Today marks the opening of BlueLA’s first demonstration station near the corner of 7th and Bonnie Brae streets in Pico Union. BlueLA — the nation’s largest EV car sharing program for disadvantaged communities — aims to meet Angelenos’ evolving mobility needs in a sustainable way, while bringing more transportation options to low-income communities. The pilot program advances several of the goals outlined in Mayor Garcetti’s Sustainable City pLAn, and will serve portions of Westlake, Pico Union, Koreatown, Echo Park, and Downtown Los Angeles.
“I was proud to author SB 1275, which secured the funding necessary to make programs like this a reality,” said California Senate Leader Kevin de León. “Through the Charge Ahead California Initiative we have expanded access to electric vehicles for all Californians, because if we are going to continue reducing harmful pollutants, electric vehicles can’t just be driven by the wealthy.”
The program is funded in part by a $1.7 million grant through California Climate Investments (CCI), a statewide program that puts billions of cap-and-trade dollars to work reducing greenhouse gas emissions, strengthening the economy, and improving public health — particularly in disadvantaged communities.
“This smart investment of cap-and-trade proceeds delivers on the promise of California’s approach to fighting climate change,” said California Air Resources Board member Hector De La Torre. “In the city that defined American car culture, this program is helping write a new chapter by bringing electric cars directly into neighborhoods that need them the most, and providing families with needed zero-emission ‘last-mile’ transportation that cuts greenhouse gases and helps fight smog.”
In 2015, Los Angeles won a CCI grant to pilot electric vehicle car sharing in low-income communities. Blue Solutions’ subsidiary, BlueLA Carsharing, is working with the Los Angeles Department of Transportation (LADOT) to bring the program online this year.
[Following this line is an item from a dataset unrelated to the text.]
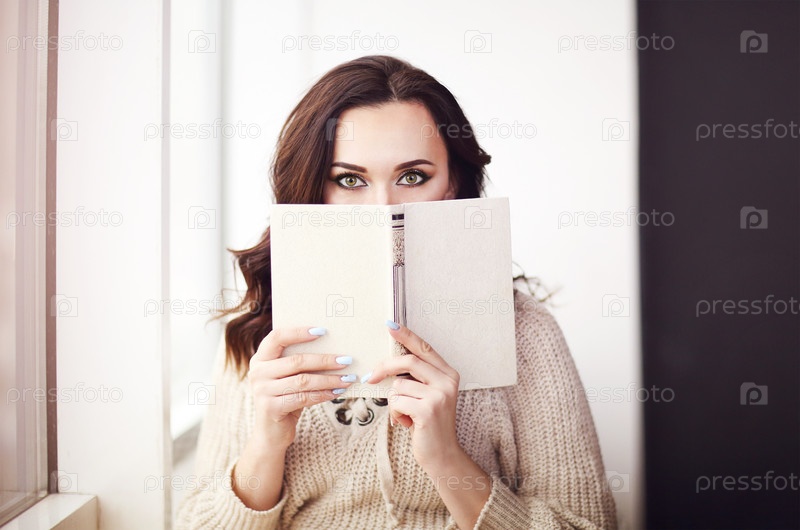 Молодая красивая брюнетка в вязаном свитере читает книгу, отдыхая у окна
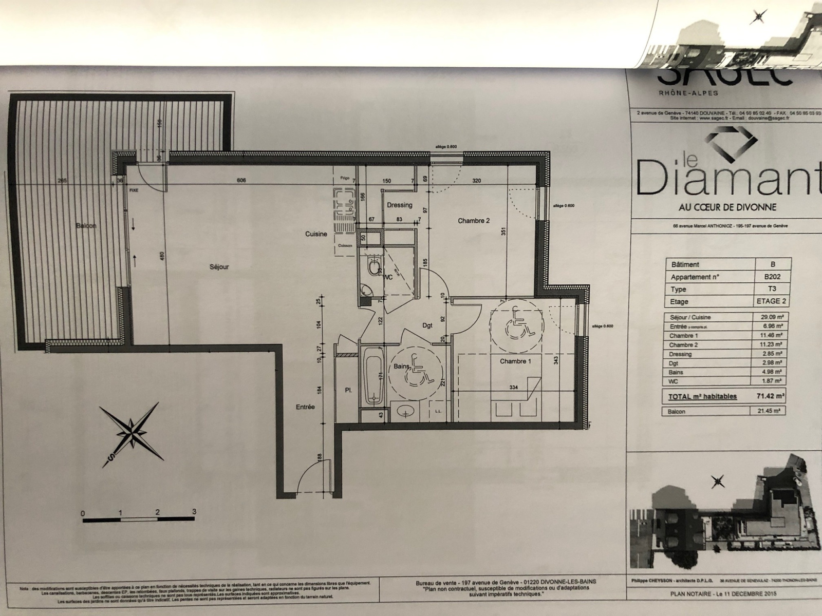 Dans la commune de Divonne-Les-Bains 01220, construction en 2018, dans une résidence de standing en hyper centre-ville, à pied de toutes les commodités. Très bel appartement type T3 traversant de 72m² avec une terrasse d'angle privative de 22m² exposée sud-ouest. L'appartement est lumineux et dispose d'une cuisine entièrement équipée ouverte sur la pièce de vie, deux belles chambres dont une avec un dressing équipé, une salle de douche, un WC avec emplacement machine à laver. Au sous-sol : une cave et un garage box fermé. Le loyer de 1950 € inclut le chauffage et l'eau froide et eau chaude. A visiter rapidement !

Implementation and outreach efforts are supported by the Shared Use Mobility Center (SUMC) and a committee of local community organizations, including the Salvadoran American Leadership and Educational Fund, T.R.U.S.T. South LA, and Koreatown Immigrant Workers Alliance.
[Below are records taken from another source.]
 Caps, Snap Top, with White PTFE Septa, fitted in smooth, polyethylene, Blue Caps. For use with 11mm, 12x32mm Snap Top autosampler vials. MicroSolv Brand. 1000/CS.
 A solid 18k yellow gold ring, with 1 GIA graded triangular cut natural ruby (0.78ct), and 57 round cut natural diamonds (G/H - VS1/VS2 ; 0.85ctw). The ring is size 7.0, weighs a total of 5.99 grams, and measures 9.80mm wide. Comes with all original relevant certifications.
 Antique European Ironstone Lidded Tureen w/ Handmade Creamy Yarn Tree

“Los Angeles has a firm commitment to invest in resilient, sustainable transportation that extends the reach of public transit. These EV cars will make it easier for people to make everyday trips like going to the doctor’s office, running errands, or taking kids to after-school programs. We hope it will improve the neighborhoods it serves and lead to expansion throughout the city,” said Seleta Reynolds, LADOT General Manager.
“Los Angeles, as the United States’ second largest city, is a wonderful showcase for our car sharing service and we aim to support the City’s environmental leadership with a commitment to affordability and equal access, allowing electric mobility to reach underserved communities,” stated Marie Bolloré, General Director of Blue Solutions Electric Mobility. “BlueLA is an exciting new challenge for the Bolloré Group and also an opportunity to demonstrate the reliability of our unique LMP® battery, a pioneering Bolloré technology powering our car sharing vehicles around the world.”
Until the full service is available for public use later in the year, the Pico Union station will be used for community outreach, drive and ride events, and efforts to raise awareness about electric vehicles. Ultimately, the service will bring 100 electric cars and 200 chargers to self-service stations across the city, available to anyone 18 years or older with a valid driver’s license.